If you treat a dog's tail as a leg, does it have five legs?

The Executive or Legislative Branches treating a statute as presumptively valid, does not transform an unconstitutional statute into a valid law.

The Myers Court stated, "the Tenure of Office Act of 1867, in so far as it attempted to prevent the President from removing executive officers who had been appointed by him by and with the advice and consent of the Senate, was invalid...."

And the Myers Court continued, "... and that subsequent legislation of the same effect was equally so. For the reasons given, we must therefore hold that the provision of the law of 1876, by which the unrestricted power of removal of the first class postmasters is denied to the President, is in violation of the Constitution, and invalid."

Repealing an unconstitutional and void Statute, that, in legal contemplation never became a law, does not convert the void and unconstitutional Statute into a law.
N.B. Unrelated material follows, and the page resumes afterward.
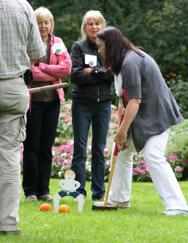 The tradition of Birds in Art artists playing croquet began innocently many years ago. Artists travel north to Hazelhurst each year after Saturday morning Museum appearances. This annual retreat allows artists to spend time with one another in a relaxed atmosphere. Activities include boat rides, swimming, nature walks, and a few sporting events, all available to help break the ice and encourage relaxation.
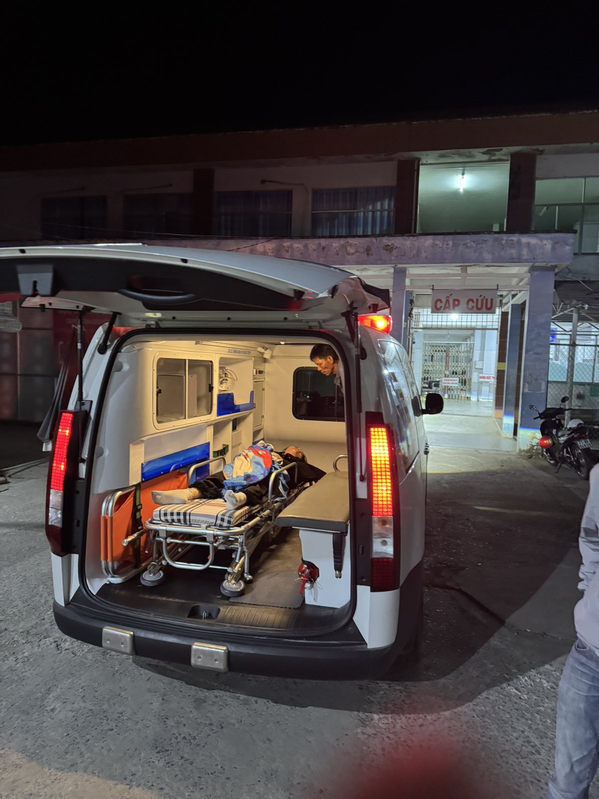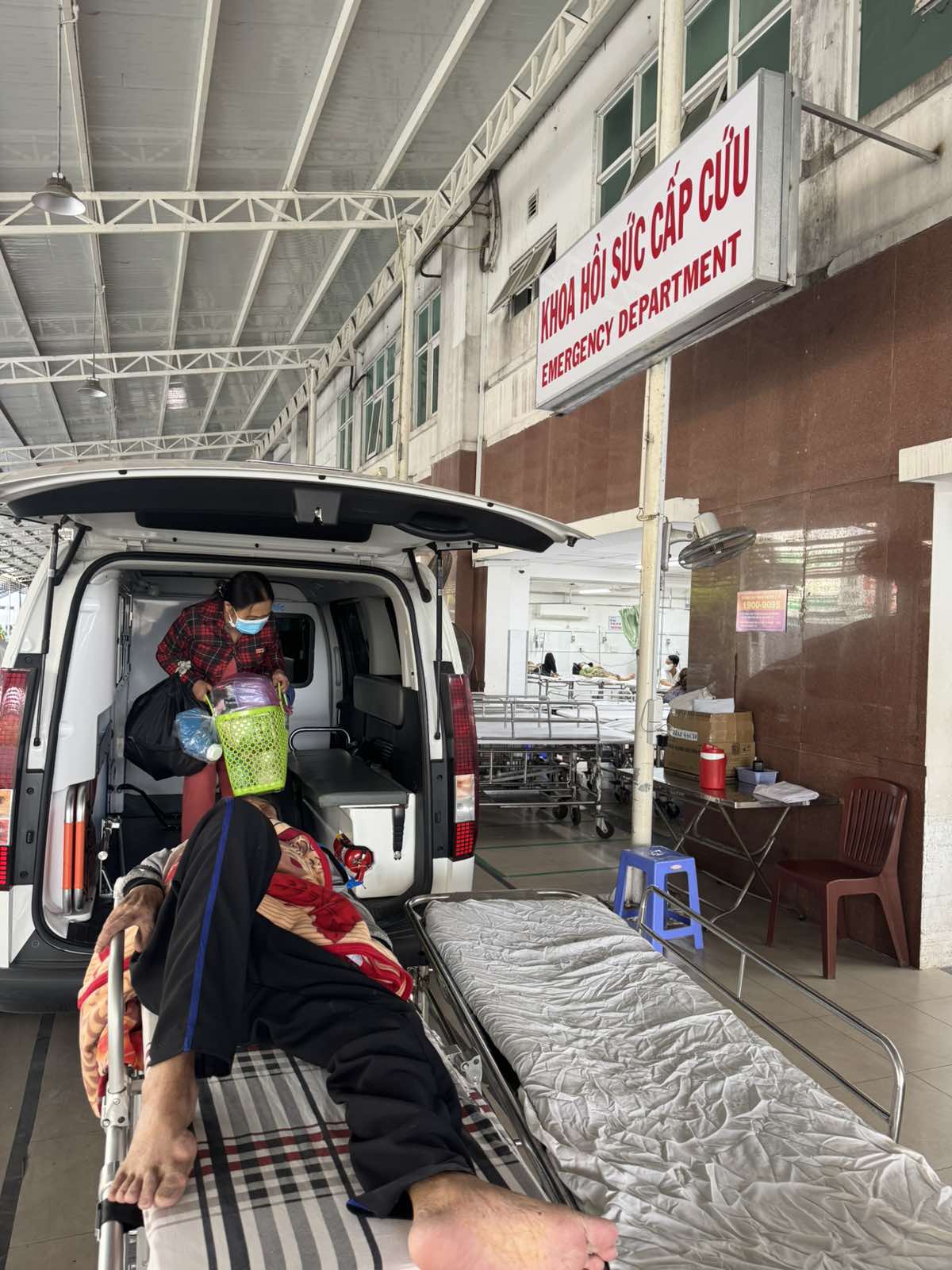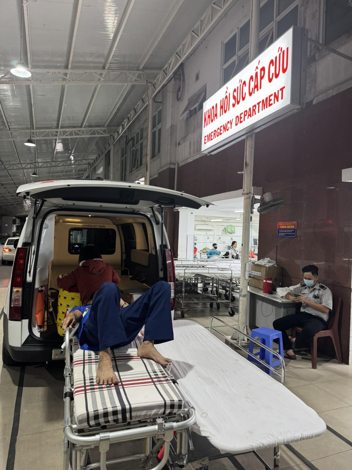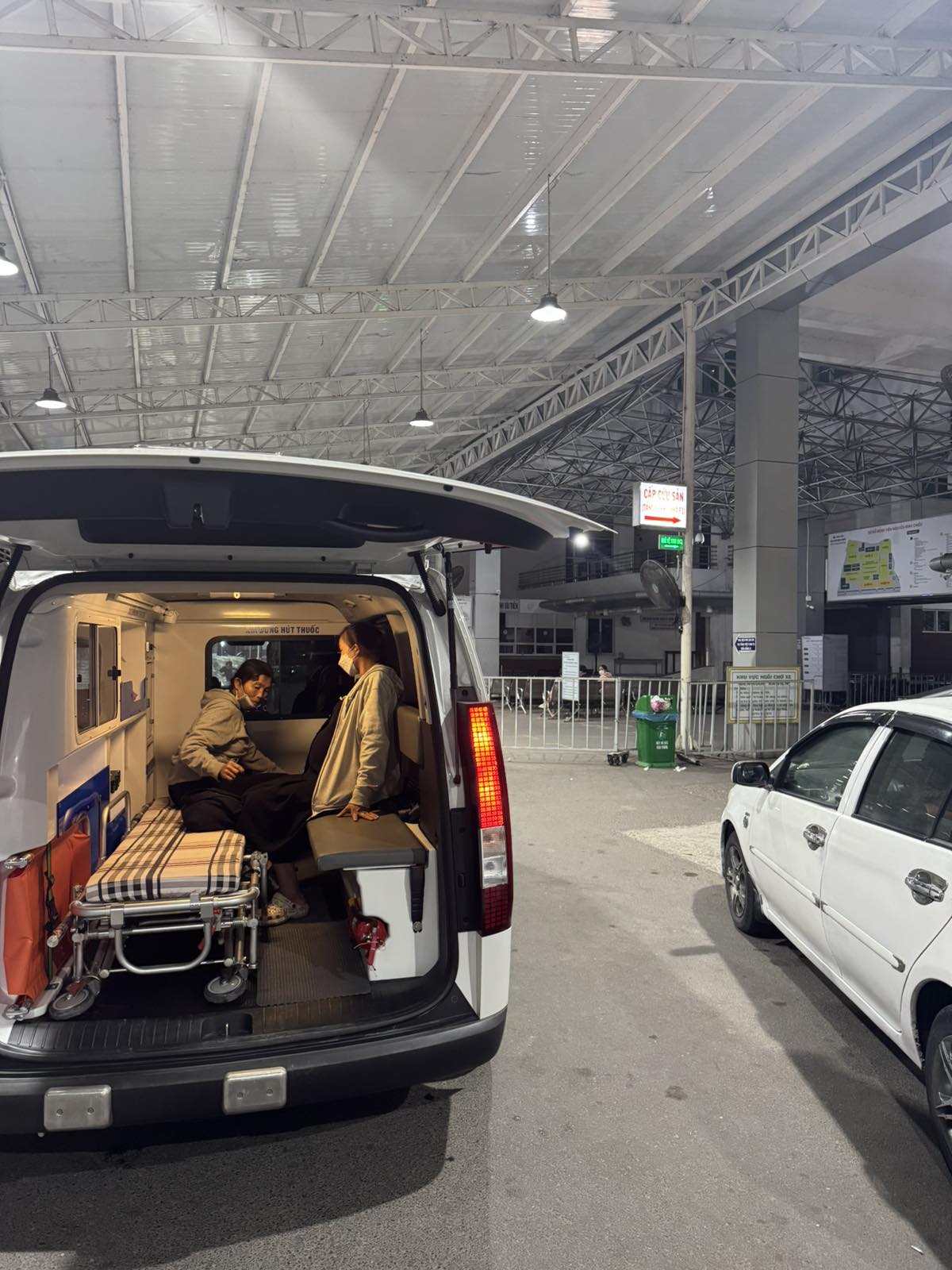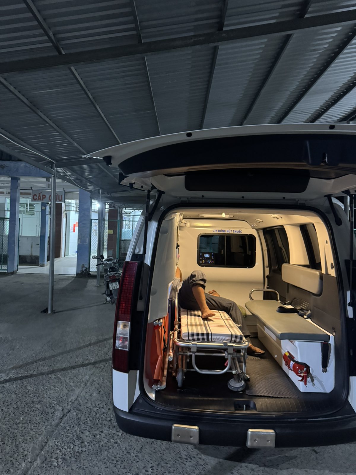 Dưới đây là hình ảnh của từng bệnh nhân lúc lên xe Cấp Cứu và lúc đến nhà thương:

Norton v. Shelby County, 118 U.S. 425, 442 (1886), Justice Field, Opinion of the Court

Their position is that a legislative act, though unconstitutional, may in terms create an office, and nothing further than its apparent existence is necessary to give validity to the acts of its assumed incumbent. That position, although not stated in this broad form, amounts to nothing else. It is difficult to meet it by any argument beyond this statement: an unconstitutional act is not a law; it confers no rights; it imposes no duties; it affords no protection; it creates no office; it is, in legal contemplation, as inoperative as though it had never been passed.

As a law, the Statute of 1867 has apparent existence and nothing more. In legal contemplation, it was unconstitutional and could never have existed as a valid law.